I’m embarrassed to admit that the most exciting part of the having the Obama campaign be successful (outside of the fact that the republican Bush plan didn’t work… and didn’t work for 8 years) is that I don’t have to listen to McCain speak all the time.  Bush drove me nuts with his little twang and odd inflection…. McCain would have put me over the edge.  His voice just totally puts me off.  Great speaker… charismatic… annoying as the day is long.

So here is to my mom, who would have had stuff to say about this election and here is to me who doesn’t have to listen to that man talk all the time.

Hooray, the system works.

Says me.

S.

When life is not so good…

November 4, 2008

you find out what you’re REALLY all about.

Says me.

S

When life is good…

November 3, 2008

-  you take better pictures.

-  people take better pictures of you.

-  you laugh easier… even when Fred sprays you with the hose by accident while cleaning your gutters.

-  friends call more often… because you’re more fun.

-  leaves falling don’t make you want to lay on the couch for days.

-  bad haircuts are only a minor annoyance.

-  the rotted out window in your lower level can wait until spring.

-  movies like “Hot Rod” make you giggle for hours.

-  you spend 30 minutes chatting with your grandma about nothing on a Saturday morning.

-  you love your dog even though he shit in your dead mom’s car that you now own.

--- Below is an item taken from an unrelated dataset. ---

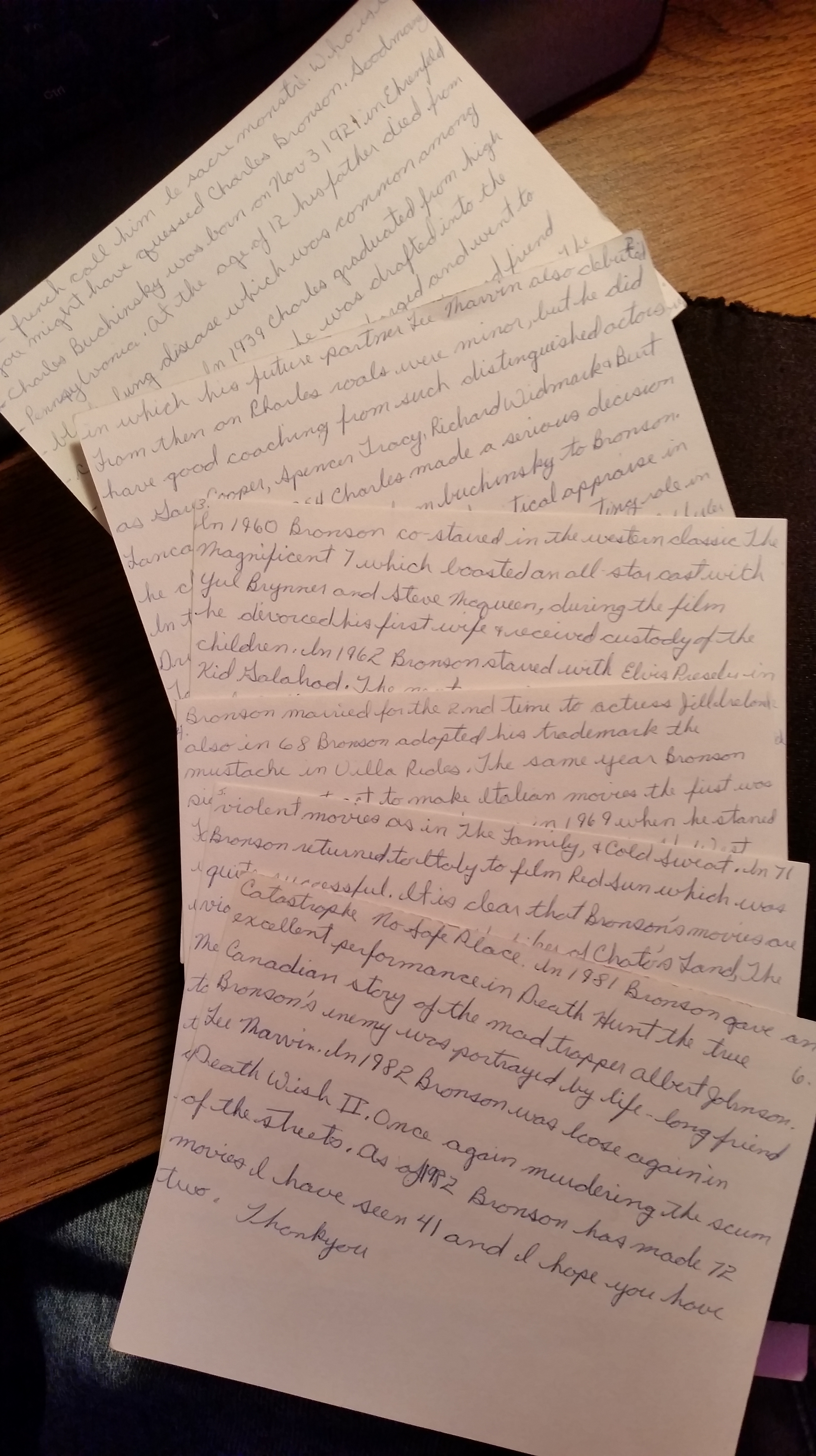 I even found a couple of homework projects where I featured the tough guy. If anything this proved I was a budding know it all even as a kid growing up. Here’s the grade 6 cue cards for my speech in English class on Bronson where I was basically urging my fellow students to check out his films.

-  the level of guilt you feel about being annoyed by little things multiplies exponentially.

Says me.

S.

Costume of the Ages.

November 1, 2008

My nephew is 10 and a 5th grader.  He is funny and quirky and brilliant and last night he took Halloween to a whole new level of weird.

Remember, he is 10… TEN.

He went as Stephen Colbert.  Complete with suit, tie, glasses and hair.  Add the impersonation he does scarily well and my 10 year old nephew takes on a whole new identity.

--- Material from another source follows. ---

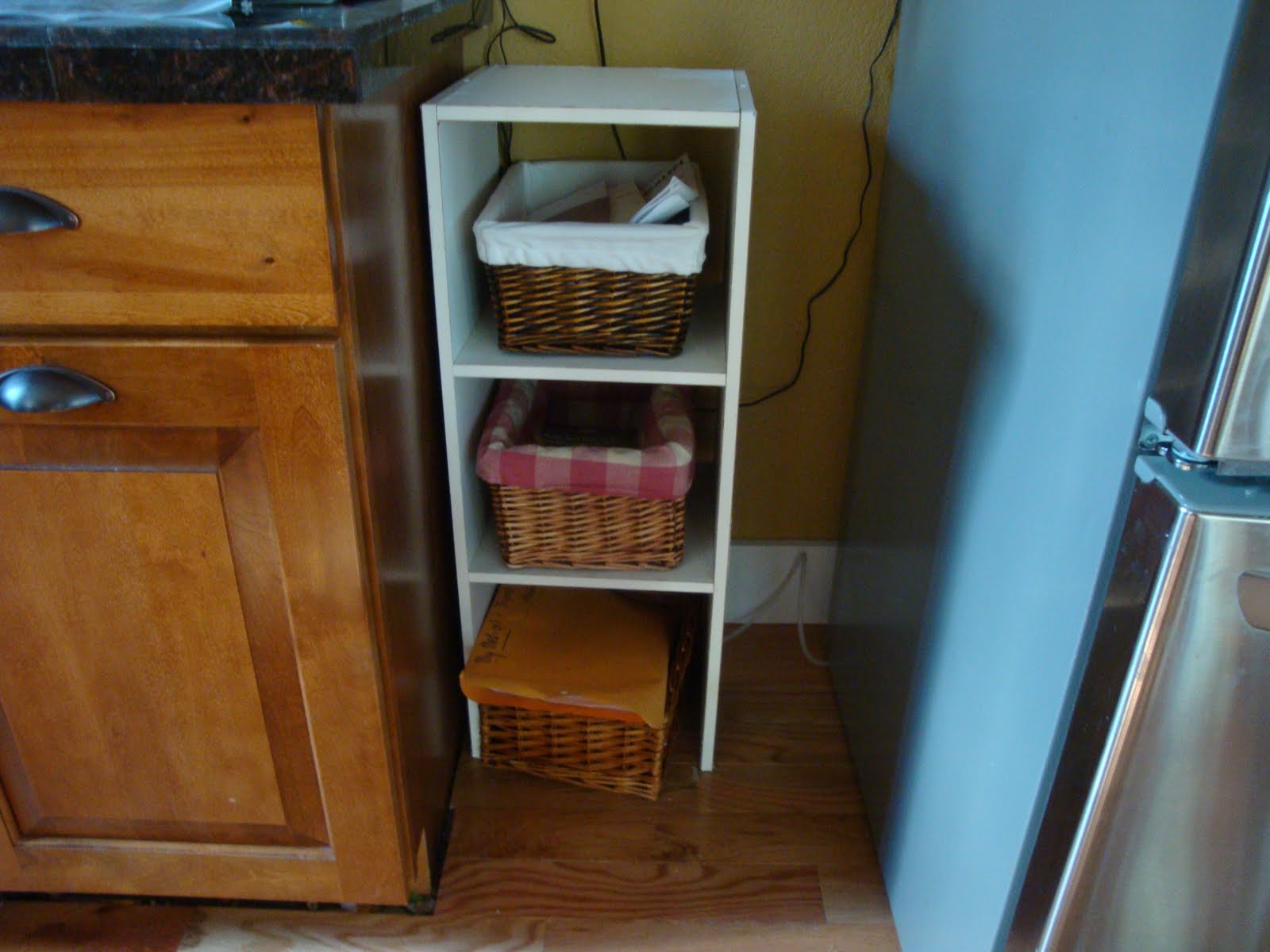 For example: I have my computer at the end of the counter top, but there is a space between the end of the counter and the fridge, because things just didn’t work out quite like I had planned. So the question became: What to do with that space? I went back to Home Depot and they priced a cabinet. Whoooa. It was like $500. I thought, ‘well maybe the contractor who redid the laundry room could build a little set of shelves’, but even that would be more than what I thought we should spend.

I’m sure that the poor guy was disappointed with the lack luster response to his get up, but it took us all a second to catch up with the kid.  Political satirist is not exactly the first costume choice you come up with in elementary school.  Pirate, video game character, awesome ninja… you know.. kids ideas.  Not my nephew with his progressive parents and free access to cable…

Stephen Colbert.   (http://www.colbertnation.com/about)

I wish I had some brilliant commentary about the event.  Some truly profound statement about my nephew and the condition of our nation or his generation.

I wish I could close my mouth or stop laughing.

Rather than ending with the usual “So Says Me” I will end with…

insert brilliant commentary here.  —>      <——–

S.

PS  Fred thought he was a striking rendition of a Jehovah’s Witness.  Shudder… that is the scariest thought we could come up with on this spooky hallowed night.